Noon–5 p.m. Fri–Sat, Melanie Flood Projects, FREE
L.A.-based photographer Clifford Prince King’s first solo photography exhibit, Colors So True, provides a “visual diary” of present-day experiences of queer black men. Through powerful images in which blackness predominates—one photo depicts white milk running down the shoulders of a dark-skinned man—King seeks to counteract anti-black discrimination and queer erasure.
11 a.m.–2 p.m. Thu, Pioneer Courthouse Square, FREE
Farm animals! Pie-eating contest! Marching band! Quilts! It's all the folksy delights of the Oregon State Fair, on a condensed timeline, smack-bang in the middle of Portland.
10 a.m.–9 p.m. Sat, N Mississippi Ave, FREE
One of Portland's biggest street fests returns for the 17th year running, with tons of vendors and live entertainment on five stages. Musical acts include blissed-out cumbia trio Sávila, R&B singer Blossom, dream rocker Ezza Rose, and many more.

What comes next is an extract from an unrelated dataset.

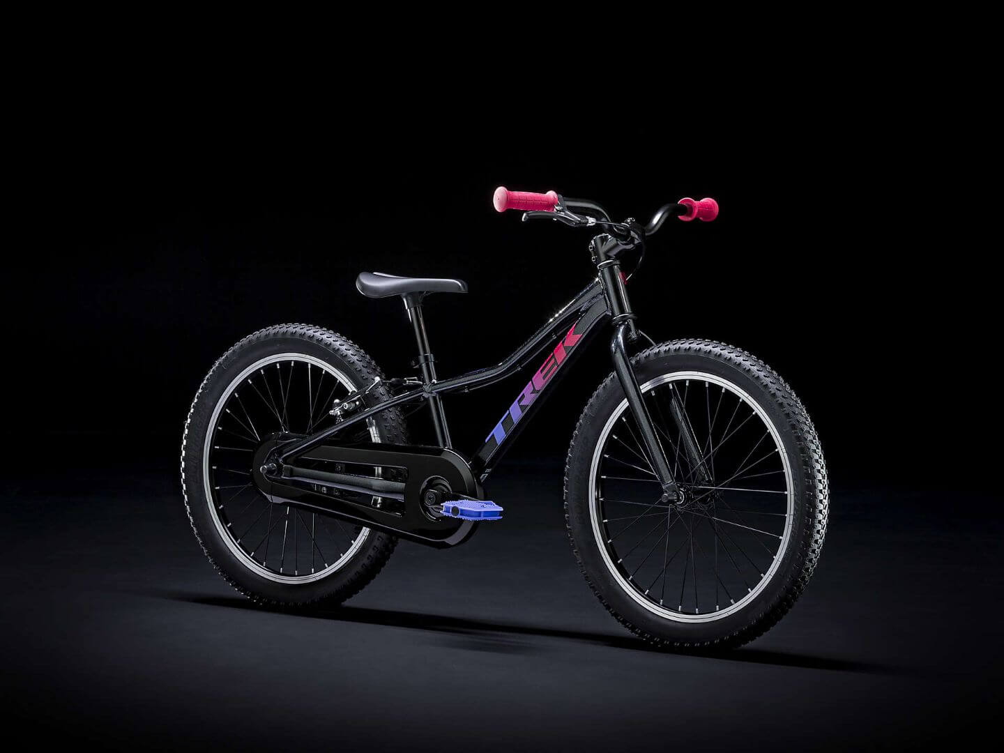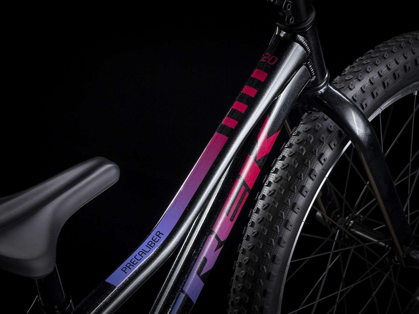 אופניים לילדות Trek Precaliber 20 עם מעצורי יד, שלדת אלומיניום קלה, גלגלים 20 אינצ' וצמיגים איכותיים. מושלמות לרכיבות בטוחות ומהנות! מתאימות לגילאי 6-8.

11 a.m.–6:30 p.m. Sat, Tom McCall Waterfront Park, $5–15
Yes, you can swim in that river that runs through Portland. This annual event, which supports the Willamette’s preservation and sustainable development, invites floaters to get wet for a good cause, complete with food carts, live music, a beer/wine garden, and kids’ activities. Arrive early for a beach cleanup event, plus free admission to the later festivities.